Historic district in Massachusetts, United States

The Cabotville Common Historic District is a predominantly residential historic district in Chicopee, Massachusetts. It is centered on the park now called Lucy Wisniowski Park, which was previously known as "The Common", and includes all of the buildings that face the park, as well as a few on immediately adjacent city streets. It was developed in the 1830s and 1840s as an area where mid-level employees of Chicopee's mills and factories lived, between the simpler tenements and boarding houses of the lower classes, and the elite mansions of the proprietors and top-level managers. Most of the building stock in the district was built between 1846 and 1870, and were single family brick or wood-frame Greek Revival houses.

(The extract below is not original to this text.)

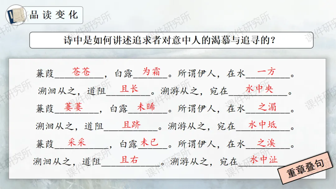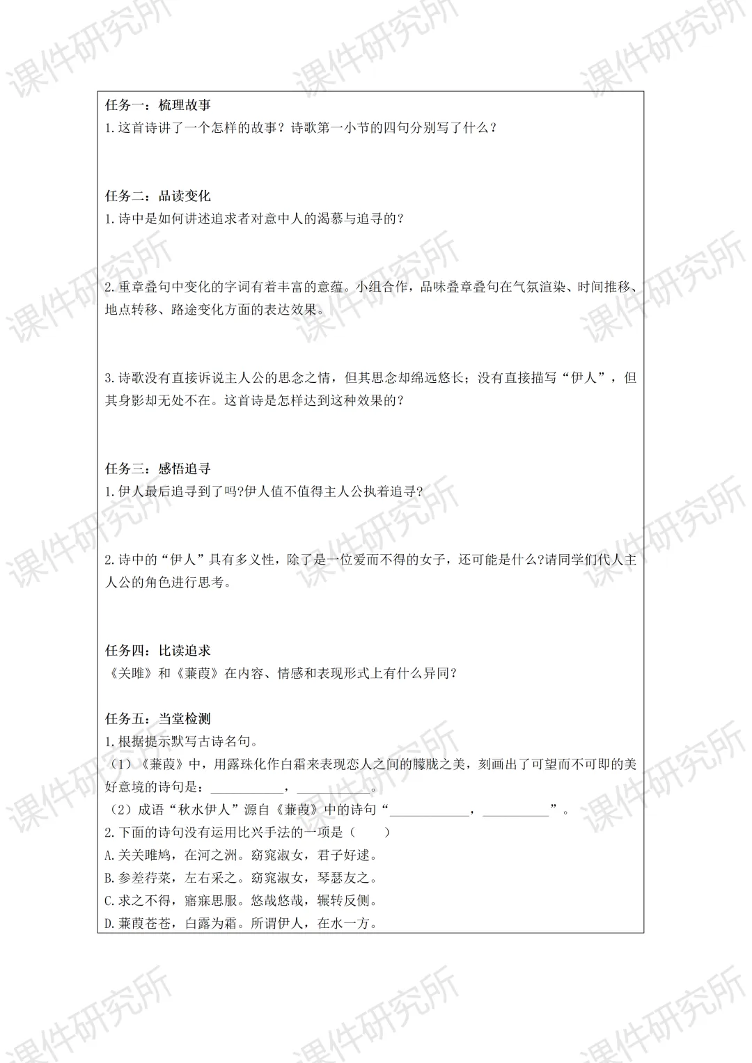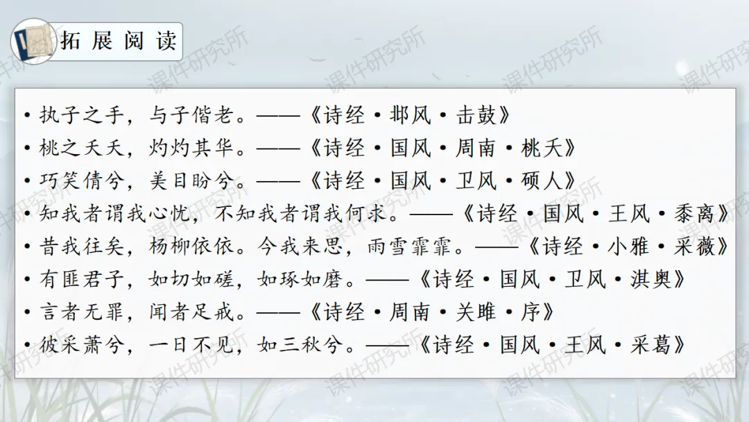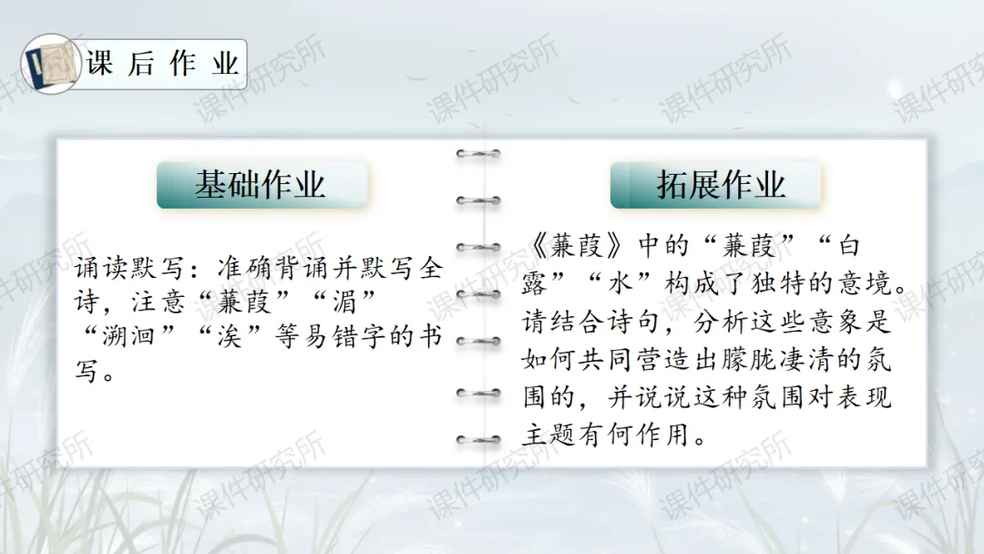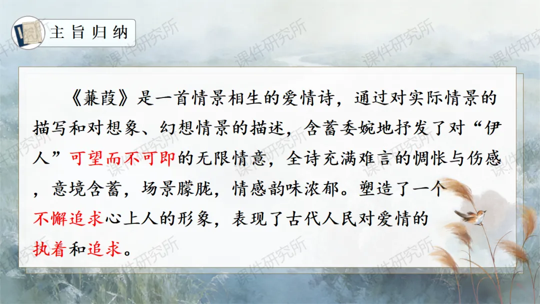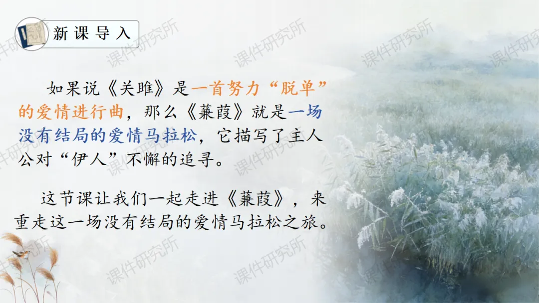 一场没有结局的爱情马拉松——《蒹葭》(课件+教学设计+任务单+作业单) | 名师系列

The Common, whose original purpose was to provide shared pasturage for area residents, was by the end of this period converted to a park. From the 1870s to the 1890s the housing stock was predominantly multi-family in scale, and exhibited the architectural fashions of the time: Italianate, Second Empire, and Victorian. Thereafter development was limited due to a lack of available land, and only a few brick apartment houses were built between 1890 and 1915.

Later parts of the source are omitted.